Closer to home, New York mayoral candidate Eric Adams proposed a doula for every pregnant woman. The idea could have a meaningful impact- having a doula has been linked to lower rates of cesarean delivery, premature birth, low birth weight, and postpartum depression, as well as increased rates of breastfeeding and higher patient satisfaction with motherhood.

But none of this directly improves Black women's access to talk therapy and non-psychiatric mental healthcare. Nothing, not even doulas, can replace critical professional mental healthcare, which is so hard for many to access.

Even as a Black woman, I have plenty of resource privilege-unlimited wifi, a day job at a public health agency, some research savviness, access to many qualified people who can point me in the right direction. With all this, I still felt lost at sea while trying to get the right therapist. How much harder is it for women who may be suffering more than me and with fewer resources?

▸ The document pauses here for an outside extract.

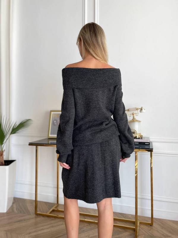 Комплект из приятного к телу трикотажа включает свитер с открытыми плечами и длинным рукавом и юбка прямого кроя.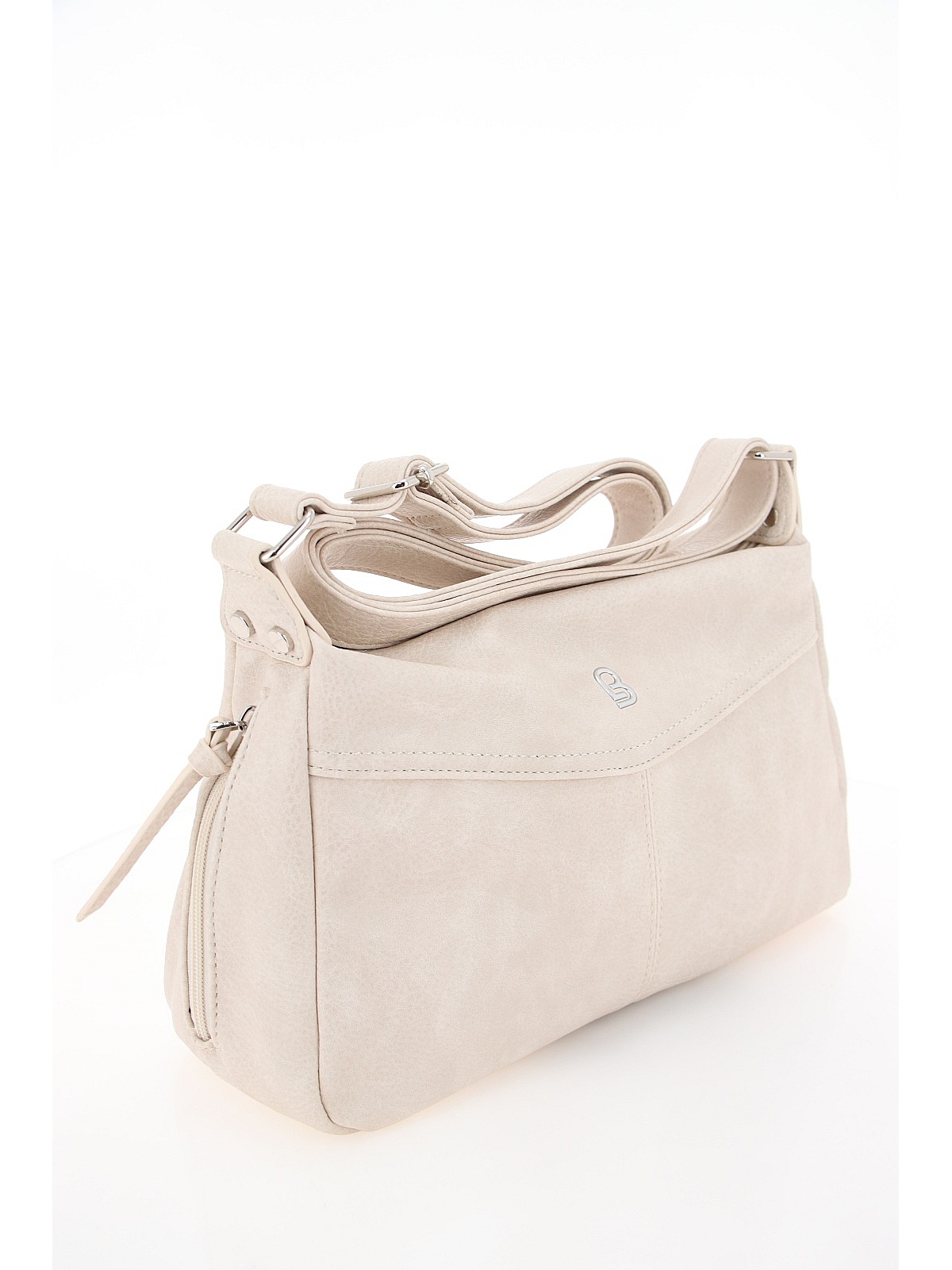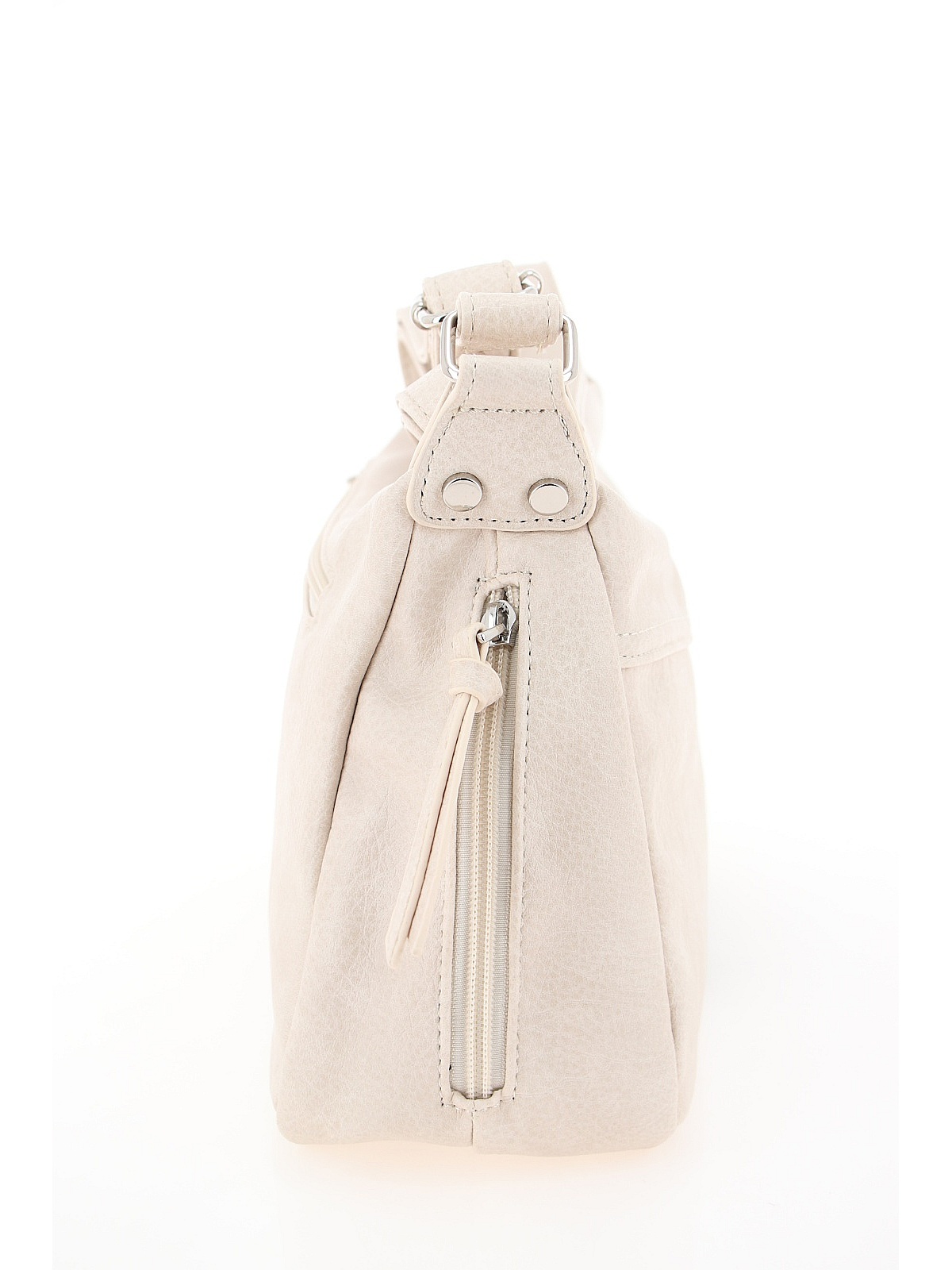 Женская сумка BADEN нежного бежевого цвета — практичный аксессуар для повседневного гардероба. Модель из мягкой искусственной кожи имеет закругленные углы и плоское устойчивое дно. По бокам находятся декоративные вертикальные молнии с длинными пуллерами. Широкий регулируемый ремень крепится на металлические заклепки, позволяя носить сумку на плече или через плечо. Фурнитура серебристого цвета гармонично дополняет дизайн. Эта модель станет стильным дополнением ваших прогулок и повседневных образов. оптом в Кемерово

One new option, which I only just learned about from a therapist friend, Maggie Gitu, is that immigrants can teleconference with therapists from our home countries. This can allow us to be "seen and heard without the burden of translating themselves into whiteness," Gitu explained. That's the option that I ended up choosing: a therapist from my home country who I could see via Zoom. I'm due soon and will likely not be pregnant again. But for other women, and especially Black women, who are pregnant now and in the future, I hope we can offer better.